Veterans

Veteran-Owned Cannabis Brands Leading America’s New Green Market

Veteran-owned cannabis companies are moving from niche to leadership positions across the market, blending battlefield experience with mission-driven entrepreneurship. For many founders, cannabis is not just a business but a tool to confront PTSD, chronic pain, and the lingering costs of war for their communities.

Few brands embody that mission more visibly than Helmand Valley Growers Company (HVGC), founded by former Marine Raiders who saw the limits of opioids on the battlefield and at home. The California brand donates 100% of its profits to the Battle Brothers Foundation to fund IRB-approved research on medical cannabis for veterans, including a PTSD study with partners like NiaMedic and UC Irvine Health. Consumers who pick up HVGC cartridges or pre-rolls are directly underwriting clinical data that could shape future policy and VA treatment options. Helmand Valley Growers Company showcases this research-forward approach.

Another company leaning hard into advocacy is American Weed Co., which builds its entire brand around normalizing cannabis for veterans and first responders. The company states that a portion of every purchase goes to organizations supporting those who served, while also funding lobbying efforts in Washington, D.C. to remove barriers to access. By tying product sales to political action, American Weed Co. illustrates how veteran-owned cannabis businesses can become policy players, not just market participants.

Veteran leadership is also reshaping the hemp and cannabinoid side of the industry. Texas-based Hometown Hero operates as a veteran-owned company that offers Farm Bill–compliant THC and CBD products nationwide and has donated significant sums to veteran nonprofits. Its focus on lab-tested, legally compliant products reflects how veterans often prioritize transparency and risk management learned during service.

On the East Coast, Cannabreeze Hemp Farm in Virginia is a U.S. Navy veteran–owned, fully vertically integrated hemp farm that grows, extracts, and formulates products on-site. The company hosts farm tours and 420-friendly events, using agritourism and education to demystify cannabis for mainstream consumers while proving that small, veteran-led farms can compete on quality and storytelling.

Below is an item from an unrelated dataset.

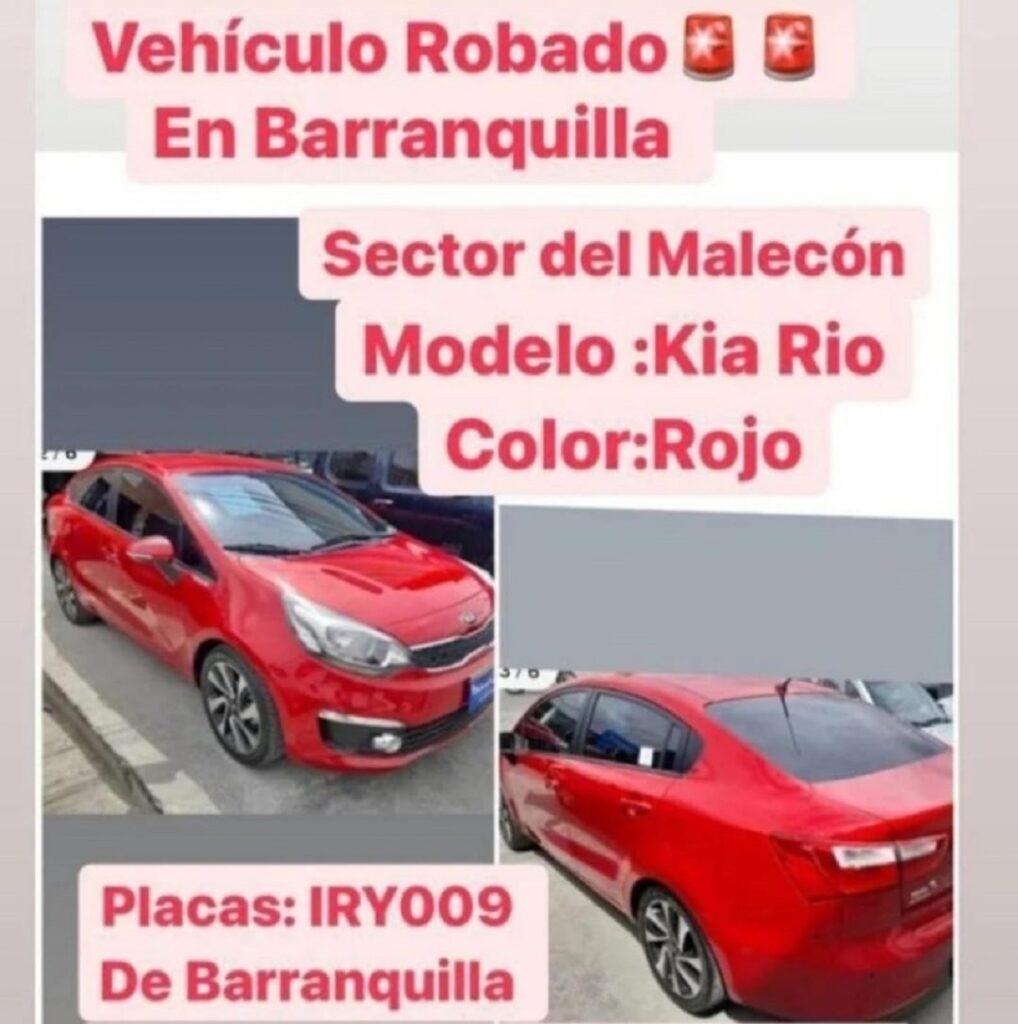 Lo que estaba siendo una velada maravillosa en familia se convirtió para una mujer, su esposo e hijas en un momento desagradable, víctimas de la delincuencia que les arrebató su vehículo Kia Río de placa IRY009, modelo 2016.

Brands like Veteran Grown Hemp extend that model into the THCa flower and concentrates category. Founded by veterans to support American agribusiness and “valor,” the company donates part of its revenue to causes such as the Wounded Warrior Project and has become a wholesale supplier for retailers nationwide. This mix of patriotic branding, meticulous COAs, and multi-state distribution shows how veteran-owned operators can scale without losing their mission.

Veterans are also visible on the retail front. Massachusetts-based Western Front is a Black, Latino, and veteran-owned economic empowerment dispensary group with locations in Chelsea and Cambridge, highlighted by industry analysts as a retailer to watch in the Northeast. By pairing equity licensing with veteran ownership, the company signals how cannabis can intersect with broader justice and opportunity goals.

Data firms and industry publications have begun to track veteran-owned cannabis brands and dispensaries, reflecting their growing market presence and consumer appeal. At the same time, advocacy groups and researchers continue to document how cannabis may help veterans manage PTSD, pain, and sleep disturbance where conventional treatments fall short. When customers choose veteran-owned brands, they are often supporting not just products, but clinical research, policy reform, and new economic pathways for those who served.

In that sense, veteran-owned cannabis companies are not merely participating in the market. They are helping to lead it toward a model where profit, purpose, and evidence-based care move together.